Раз ошибка, два ошибка… Дело о деревянной рыбе Макникол Сильвия
– Что ты собираешься делать?
– Я приглашу полицейских в галерею. А иначе в чём смысл?
Определённо это третья ошибка за сегодня. Рене громко, на весь район, говорит, что собирается пригласить полицейских в галерею на финал конкурса. Жаль, что я слишком поздно замечаю Стар у неё за спиной.
День третий. Ошибка четвёртая
Стар морщит нос, который, кажется, выглядит совершенно здоровым. На нём красуется золотое кольцо. На ней наряд скорее всего для вечера в галерее: чёрная мини-юбка, легинсы и белый топ.
– Вы даже не представляете, во что вы влипли. – Она подносит кулак к лицу Рене.
Пинг рявкает, а затем заливается лаем.
– А мне всё равно. Тебе не сойдёт с рук то, что за тебя отдувается Аттила.
– Да не будет ему ничего, идиотка. Мы этого не допустим.
Пинг взмывает вверх с открытой пастью.
– Нет, нет! – Стар делает шаг назад, прикрыв нос руками.
– Пинг, сидеть! – говорю я, оттаскивая его.
Пинг низко рычит на неё.
Стар убирает руки от лица и делает селфи.
– Тебе следует лучше следить за своими клиентами, – говорит она с ухмылкой, от которой у меня мороз по коже. – Ещё увидимся, сосунки, – говорит она по дороге к библиотеке.
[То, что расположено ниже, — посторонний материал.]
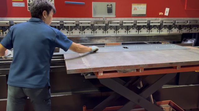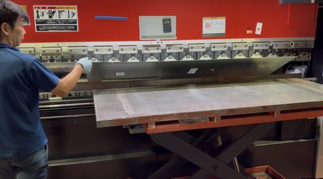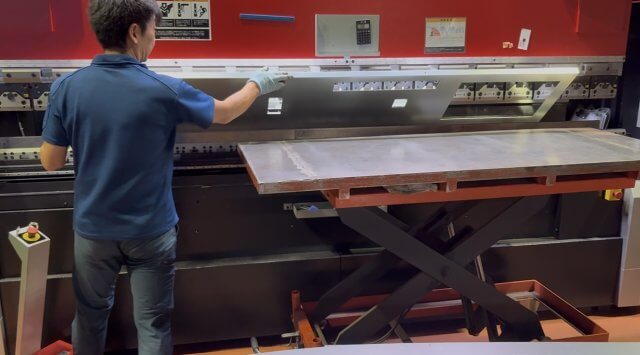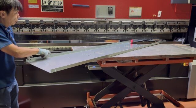 ベンダーの下型と高さを合わせてワークを補助することで一人でも曲げられます。

На прощание Стар машет рукой.
– Что она собирается делать? – ворчу я.
– Не волнуйся. Мы отведём собак домой. Если она позвонит в службу по контролю животных, мы сможем оттянуть время, пока не докажем, что за всеми преступлениями стоит она.
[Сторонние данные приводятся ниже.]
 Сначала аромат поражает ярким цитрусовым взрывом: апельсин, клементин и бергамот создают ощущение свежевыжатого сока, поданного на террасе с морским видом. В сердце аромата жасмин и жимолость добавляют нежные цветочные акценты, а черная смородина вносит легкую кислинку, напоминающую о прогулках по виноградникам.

– Оттянуть время? – пищу я.
– Успокойся. Я хотела сказать, что мы убедим их не забирать Пинга. Кто ей поверит после того, как её арестуют.
– Хорошо, хорошо.
Собаки снова бегут в гору мимо дома миссис Ирвин. Она садится в машину, вся такая элегантная, бросая улыбку своим йоркам, которые лежат на диване у окна. Она что, свистит? Поверить не могу, что она так счастлива.
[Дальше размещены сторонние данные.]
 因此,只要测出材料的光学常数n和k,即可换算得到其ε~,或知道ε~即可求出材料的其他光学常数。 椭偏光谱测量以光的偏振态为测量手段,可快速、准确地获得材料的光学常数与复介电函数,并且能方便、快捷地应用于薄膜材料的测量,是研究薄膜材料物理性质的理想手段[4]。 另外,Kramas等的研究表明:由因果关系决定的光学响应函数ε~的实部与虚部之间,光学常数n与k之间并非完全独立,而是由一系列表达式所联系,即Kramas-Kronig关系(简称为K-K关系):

На ней чёрное платье в пол и развевающийся шарф в цветочек, волосы собраны наверх. Миссис Ирвин слишком разодета для мероприятия, которое, по её убеждению, так непопулярно.
– Спорим, она поехала на конкурс, – говорит Рене.
– Уж очень она разоделась, да?
Понг поворачивается и задумчиво смотрит в окно, через которое видно йорков. Пинг с надеждой в голосе лает на собак, которые, кажется, спят. Йорки не отвечают. Может, миссис Ирвин напоила их чем-то?
– Наверное, она думает, что выиграла спор с мистером Ковальски.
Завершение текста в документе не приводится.